Ferrexpo Poltava still operates the four Metso Outotec GK processing lines to produce iron ore pellets. The plants processed ore from one mine site and produced one pellet type when they were first put into operation. Today, they process ores from several locations across the region and produce multiple high-quality pellet types. This means that the GK systems must be flexible to accommodate variations in ore quality. Facing the challenges of increasing demand for production and the need to increase process flexibility, Ferrexpo engaged Metso Outotec to compare the GK plants to modern ones and recommend areas for improvement.

Metso Outotec began by analyzing current design, operating parameters, and ore variations, determining that a process cycle modification would be the optimal approach to address Ferrexpo’s requirements. In a typical GK pellet plant, the traveling grate is comprised of multiple drying and preheating zones used to heat and partially indurate the pellets. The original traveling grates at Poltava were configured with an Updraft Drying (UDD) zone followed by a Downdraft Drying zone (DDD) and finally a Preheat zone (PH).  This configuration is identified as UDD/DDD/PH. The analysis performed by Metso Outotec engineers showed that modifying the grate configuration to DDD/DDD/PH would enable significant improvements in the process cycle with only minimal physical changes to the equipment. 

UDD/DDD/PH configuration results in gentle and conservative drying process

The existing UDD/DDD/PH configuration is a simple and conservative process cycle to operate. It results in the gentlest drying process for the green ball pellets entering the furnace, with low compressive forces on the pellets and minimal concern for the dewpoint of the exhaust gases. The pellets are less susceptible to spalling, cracking, and deforming or further-weakening due to dewpoint condensate. This configuration ultimately allows for a greater margin of error in controlling the UDD zone without adversely affecting the pellets.

The UDD zone has several advantages:

• Gases hitting the bottom of the bed are already slightly cooled by the grate plates that support the pellets, which results in less thermal shock and gentler pellet drying.

• The upward flow of gases allows the evaporated steam to readily escape the bed due to its lower density compared to air.
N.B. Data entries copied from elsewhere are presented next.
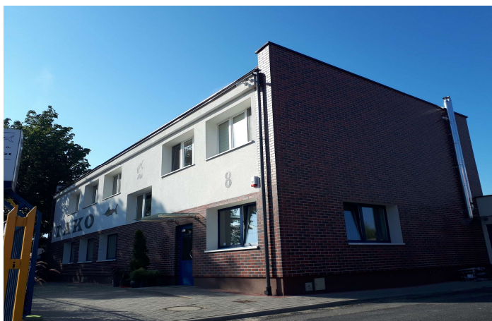
TAKO Armatura Rurociągi Sp. z o.o. ul. Pełczyńska 8 51-180 Wrocław

Godziny otwarcia: od poniedziałku do piątku 7:00 - 15:00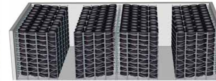
ergowheel® – bis zu 30% mehr Lagerkapazität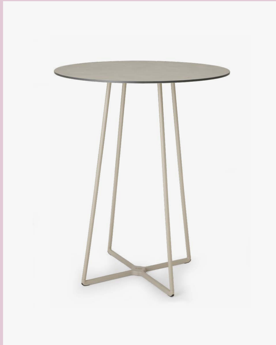
4 Legs Base Atomo, art. 5035 h.109

(En) The Atomo project stems from the need to create a table capable of fitting into any environment and becoming its focal point. Lightweight and sturdy, the metal structure consists of a die-cast aluminium ground base onto which the steel legs are attached.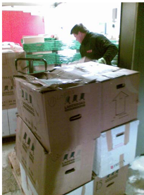
Avlevering fra Sør-Varanger, 2011

IKA Finnmark har i 2011 arbeidet spesielt aktivt for å bistå kommuner som tidligere ikke har fått deponert eldre arkiv til depot.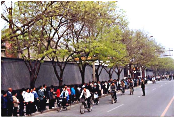
图：秩序井然的四·二五上访民众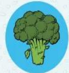
Брокколи ≈ 91% воды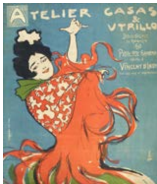
Atelier Casas & Utrillo (1898). Ramón Casas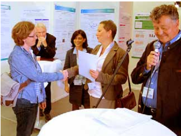
Die attraktive Posterausstellung, mit täglichen Preisverleihungen.

• The bottom pellets are dried first (dried pellets have increased strength compared to wet), resulting in improved resistance to cracking or deformation from compressive forces such as the weight of the pellet bed.

• The upward flow of gases greatly reduces compressive forces on the bottom pellets by counteracting the gravity of the pellet bed. This also minimizes cracking and deformation slightly expands the bed, improving bed permeability, which further improves gas flow.
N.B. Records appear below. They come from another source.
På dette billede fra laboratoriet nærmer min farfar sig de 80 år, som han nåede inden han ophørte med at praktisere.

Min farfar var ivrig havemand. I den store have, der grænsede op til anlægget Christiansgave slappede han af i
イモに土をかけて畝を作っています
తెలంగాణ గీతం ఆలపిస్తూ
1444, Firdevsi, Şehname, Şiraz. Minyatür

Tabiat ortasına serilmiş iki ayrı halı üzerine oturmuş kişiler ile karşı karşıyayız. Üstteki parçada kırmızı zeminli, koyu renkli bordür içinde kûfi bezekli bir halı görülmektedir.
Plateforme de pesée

• Any dewpoint condensate from the gases will occur on the pellets at the top of the bed where the compressive forces are weakest, and the effect on their strength is negligible. The slight heating of the grate plate in the UDD zone results in an increased off-gas temperature, as well as minimal concern for the dewpoint of the exhaust gases in the DDD zone that follows it.

Overcoming the limitations with Metso Outotec’s support

The UDD/DDD/PH configuration has a few key disadvantages that ultimately limit the GK system’s capacity and overall fuel efficiency. As the bed of pellets in the UDD zone is dried from the bottom up, the wettest pellets are at the top of the bed as they leave this first drying zone. If the gas temperature or flow rate is too high in the following DDD zone, the pellets at the top of the bed will dry too quickly, spall, and/or micro-crack, thus reducing pellet quality. Consequently, the drying rate in the DDD zone must be lower than the rate the equipment can achieve. If the UDD/DDD zones combined don’t remove sufficient moisture from the middle of the bed, the gas temperature and flow rate in the following PH zone must similarly be limited to avoid spalling and/or micro-cracking, which compounds the situation. Limiting the gas temperatures and flow rates in the DDD and PH zones ultimately reduces the heat transfer potential of the system.. While this provides the gentlest drying for the pellets when they are at their weakest, i.e., when entering the system, the UDD/DDD/PH configuration is therefore limited in terms of heat transfer, which also affects production capacity and fuel efficiency. Overcoming these limitations was the focus of the modification performed by Metso Outotec.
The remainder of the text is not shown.